Nous rappellerons que pour ceux qui ne peuvent se rendre dans un « minyane » et qui prient seul ils peuvent lire tous les textes en hébreu mais pas ceux en araméen car pour ceux-là, il convient d’être dans un quorum de 10 hommes pour que nos prières puissent intercéder pour nous directement auprès d’HaShem car pour les prières en hébreu nous sommes « pris en charge » ainsi que nos prières par les Anges du Service divin qui ne comprennent pas l’araméen.
Caroline Elishéva REBOUH
[1] – Il est utile de préciser ici que le mot SEFARADE qui signifie Espagne et qui désigne les Juifs d’Espagne présente deux acceptions : la première est Sefaradi/ sefaradite/ (pluriel sefaradim ou sefaradioth) concerne les Juifs qui ont fui l’Espagne (pour le Portugal c’est portougazith) après l’Inquisition espagnole et se sont réfugiés en Afrique du Nord, puis ont fui vers la Turquie, et vers la France, l’Italie et les pays des Balkans ou de l’Espagne sont remontés vers l’Angleterre et la Hollande. De là (de Hollande, une « branche » s’est éloignée encore vers la Pologne et la Lithuanie et obéissent au rite « sefarde » (qui s’écrit aussi séfarade en hébreu) mais ce rite est un peu différent du séfaradi.

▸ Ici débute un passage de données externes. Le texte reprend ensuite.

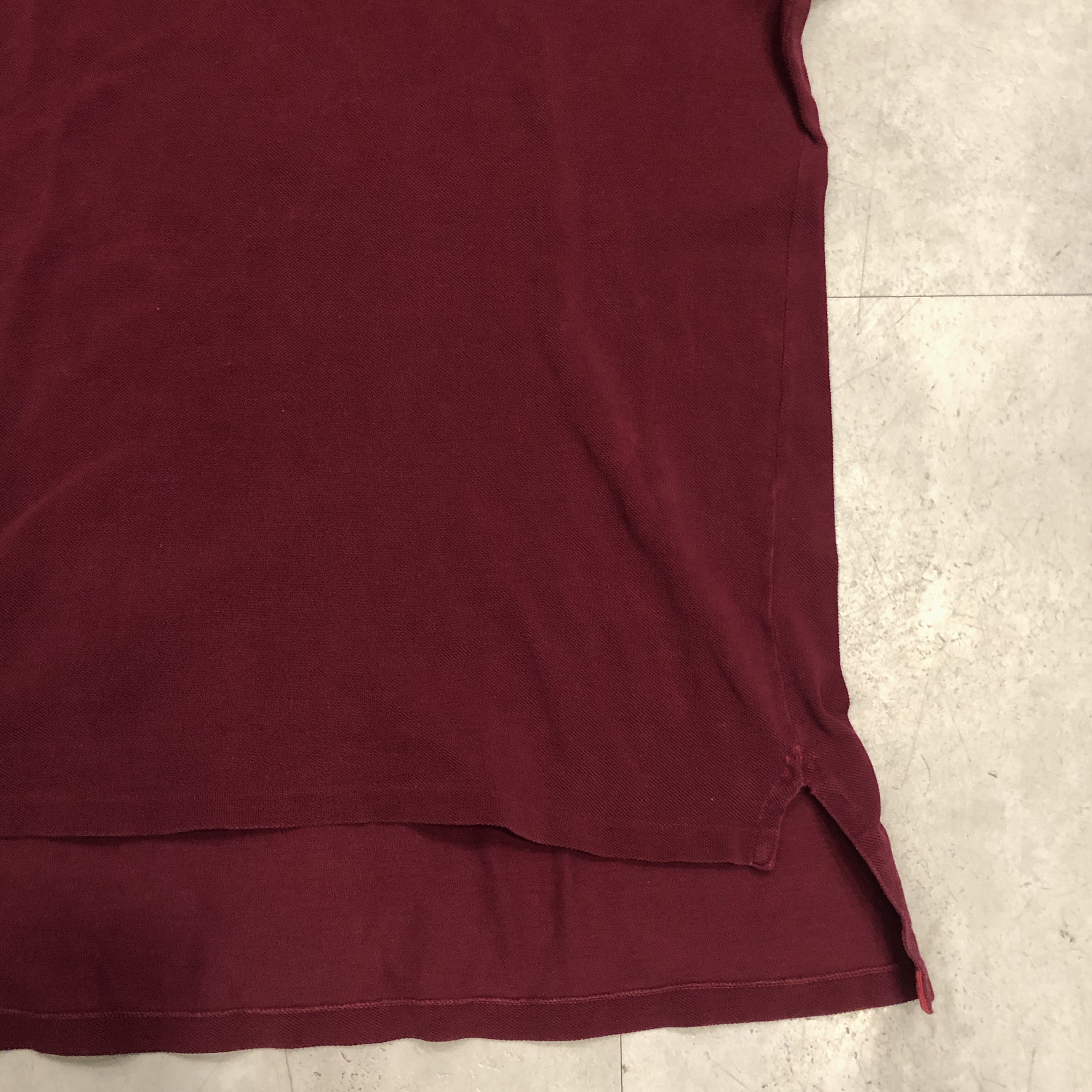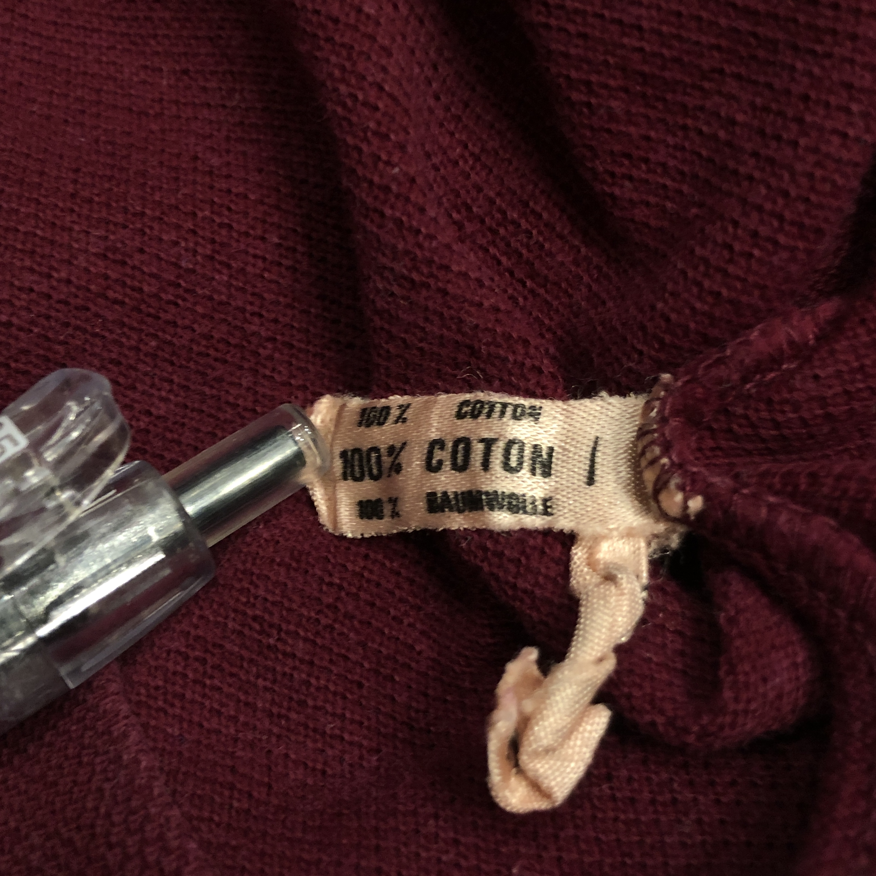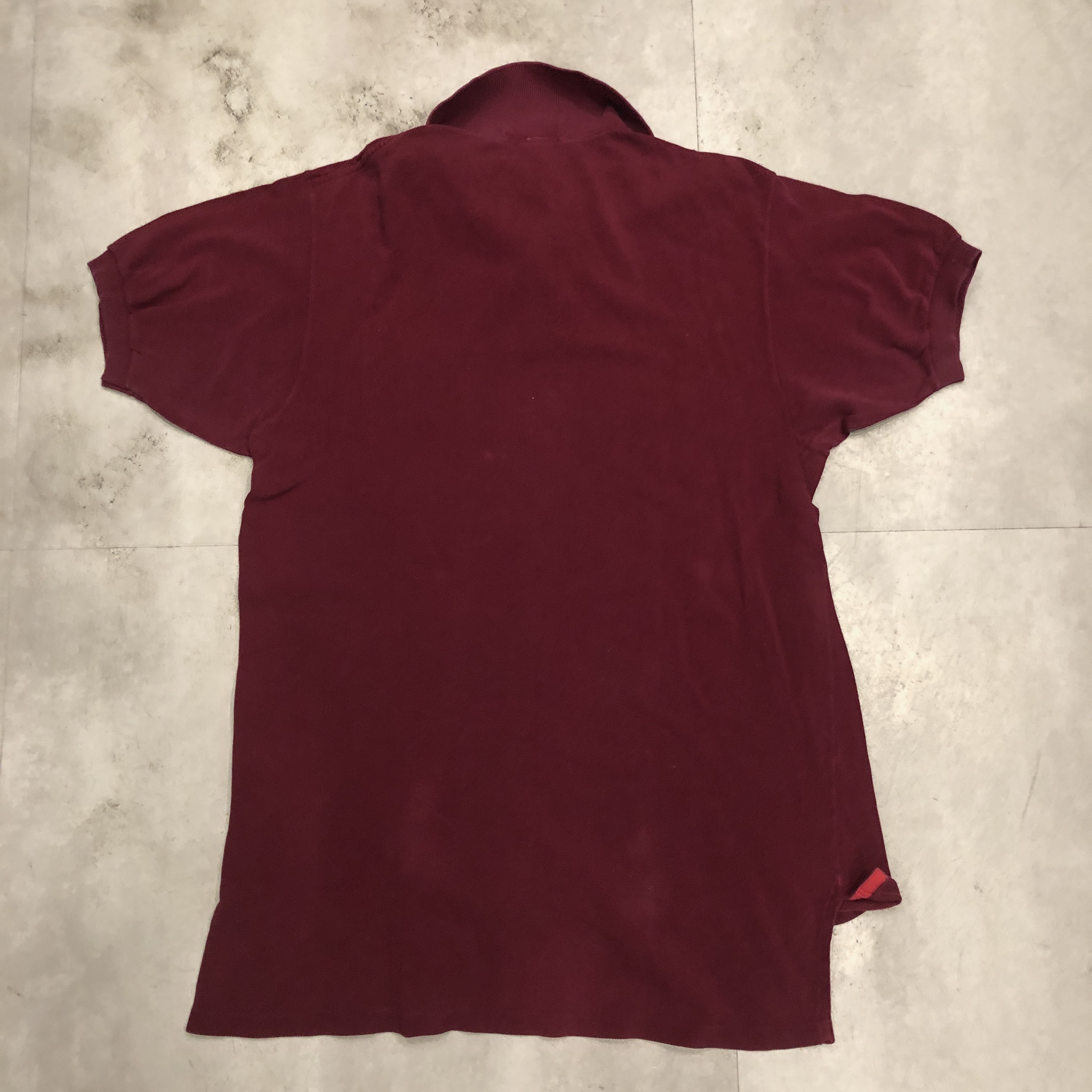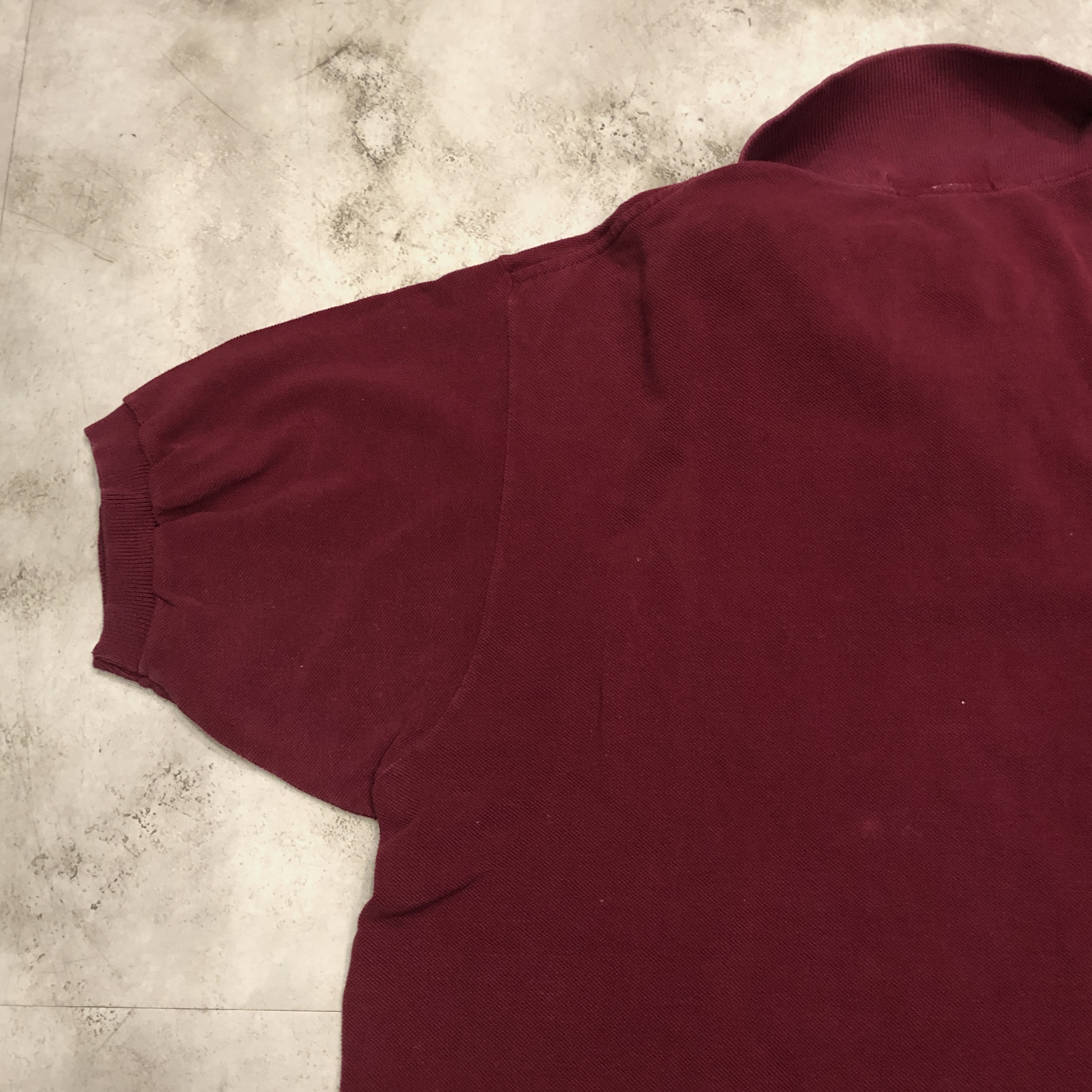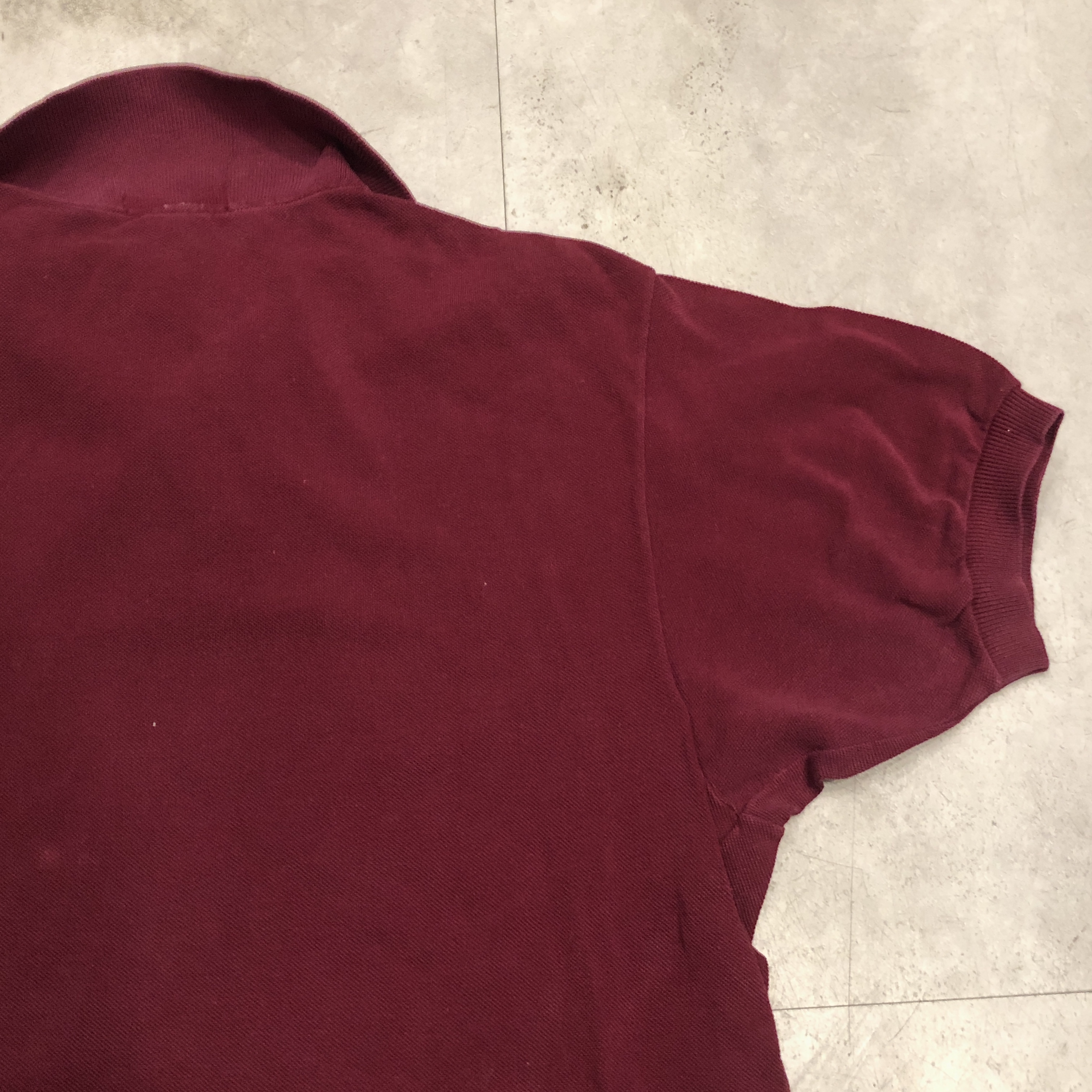 さらに内側には、素材を示す“100%COTON”タグ付き。柔らかな鹿の子編み地は、着用を重ねるごとに肌になじむ育て甲斐のある風合い。色味はやや褪せ感を伴ったバーガンディで、スポーティかつ洗練された佇まいを演出しています。

[2] – Comme c’est le cas pour le célèbre « Ma lekha adam nirdam ».
[3] – 1075-1141. Né à Tolède, mort –selon la légende – piétiné par un cavalier arabe aux abords du Kotezl haMaâravi. Enterré à Kfar Kaboul en basse Galilée (territoire de la tribu d’Asher). Auteur de nombreuses poésies (chants d’amour, de vin mais aussi d’autres poèmes empreints d’un amour intense pour Sion tels « Yefé Nof mishosh tevel » ou « Libi bemizrah vaani bemaârav » (mon cœur est en Orient…) et Auteur du non moins célèbre Livre du Kouzari.
[4] – Volontairement la traduction a été « libre » pour rester belle et poétique en français.